An activist in a wheelchair, two others using surgical walking sticks, and a galaxy of male and female civil society leaders braved a police blockade of HKS Surjeet Bhawan in the DDU Marg institutional area on August 19, the second day of the three-day We20 Peoples’ Summit, which was demanding that the rich and aspirational countries put people above profits.
The inaugural day on August 18 had gone without incident, with addresses by Teesta Setalvad, Jairam Ramesh, Medha Patkar, Franco Thomas, Vandana Shiva and others. The second day was full of excitement, a tussle of wills between the police – clad in camouflage fatigues and trained for the G-20 summit Prime Minister Narendra Modi will preside over in September – who barricaded the gates and those who were participating in or attending the event.

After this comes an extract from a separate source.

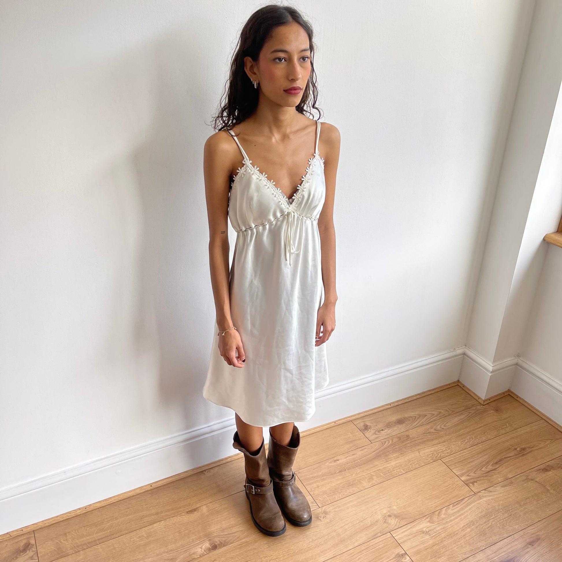 Cream / ivory satin slip dress with floral detailing along the bust and tie detailing

Several of the 700 delegates representing 70 organisations were staying in the building, owned by the Communist Party of India (Marxist). But others – including Vandana Shiva, Annie Raja, and Jairam Ramesh – managed to find their way in, including the man with a surgical walking stick who was repeatedly blocked by an inspector but ultimately slipped in.
Even as policemen swarmed the iron gates, Annie Raja gave a fiery speech condemning the police siege of the building. Medha Patkar remarked, “This is not the end. We need to continue these struggles at the level of villages and towns, and give voice to the issues of the people.”
Annie Raja gives a speech as the Delhi police blockades the We20 summit. Photo: John Dayal
Thomas Franco from People First said, “Article 19 (1) of the constitution provides for freedom of speech and freedom of expression. No law prevents people from gathering for a peaceful discussion. We condemn the BJP government, who are trying to take away the rights of the people.” Shaktiman Ghosh of the National Hawkers’ Federation condemned the police action and added that “we will fight against these fascist trends, come what may.”
Despite the police at the gates, the atmosphere in the building was one of a community cultural gathering. The ground floor saw stalls of political and economic literature, the works of Ambedkar, stalls of Khadi clothes, handbags and paintings, and on-the-spot work by young artists.
The organisers, who had the permission of the owners of the premises to hold the event, were served a notice denying them permission. They then decided to cut short the proceedings of the third day. The many delegates staying in the building left for home on August 20, but not before passing the We20 Declaration.
The failures of the Modi government and the G20
In the sessions on the first two days, economists, political scientists and civil society leaders called the bluff of the Modi administration which was projecting to the leaders of G20 nations that the prime minister was “governing India in the best traditions of liberal democracy”.
The inaugural programme on August 18 had a panel of speakers including Brinda Karat, Manoj Jha, Harsh Mander, Arun Kumar, Hannan Mollah, Teesta Setalvad, Medha Patkar, Jayati Ghosh, Rajeev Gowda, Franco Thomas among others.
The six workshops on day 2 focussed on global finance, big banks, and their impact on people; the right to information; digital data and surveillance; and climate change. Jairam Ramesh, Vandana Shiva, Anjali Bhardwaj, Amrita Johri and Nikhil Dey were among the speakers.
India’s failure on several fronts, including freedom of speech and civil liberties, the plight of the people along the coastline, the exploitation of gig workers in the digital and app-based marketplaces, and assaults on freedom of religion and belief came up for detailed analysis. A young woman living and farming on the Yamuna riverbed, having been displaced multiple times, spoke of the human cost of the G20 summit as hutment dwellers have lost their homes to bulldozers which are “beautifying the capital”.
Almost every speaker questioned the massive public spending on the G20 preparations, with tens of crores spent on advertising alone, which centred on Modi alone.
As economist Jayati Ghosh pointed out, the G20 summit remains an informal elite club, holding all its discussions behind closed doors, with no participation from the people who are affected by their decisions and recommendations. It is going to be less about the real concerns of the people and more of a prescription from the “masters”.
Photo: John Dayal
The declaration
The declaration released on the aborted third day of the session called “for solidarity and unity among all democratic forces, peoples’ movements, civil society organisations, human rights defenders and progressive individuals to demand robust South-South cooperation, and a just, inclusive, transparent and equitable future for people all over the world.”
The declaration also strongly condemned the erosion of democratic institutions and spaces; the attack on constitutional values, civil society groups, human rights defenders and academic bodies; the use of digital surveillance and data privacy; the dilution of laws related to the right to information; criminalisation of dissent; and much.
The declaration ‘People and Nature over Profits for a Just, Inclusive, Transparent and Equitable Future’ condemned the police action while critically looking at the G20 and demanding the overhaul of the international financial architecture. It called out the “false market-based solutions” to the climate crisis proposed by the G20 which have resulted in the “financialisation of nature”, creating a crisis in communities dependent on natural resources. It rejected corporate capital’s capture of global food governance through the Agreement on Agriculture in the WTO, and emerging bilateral and multilateral trade agreements.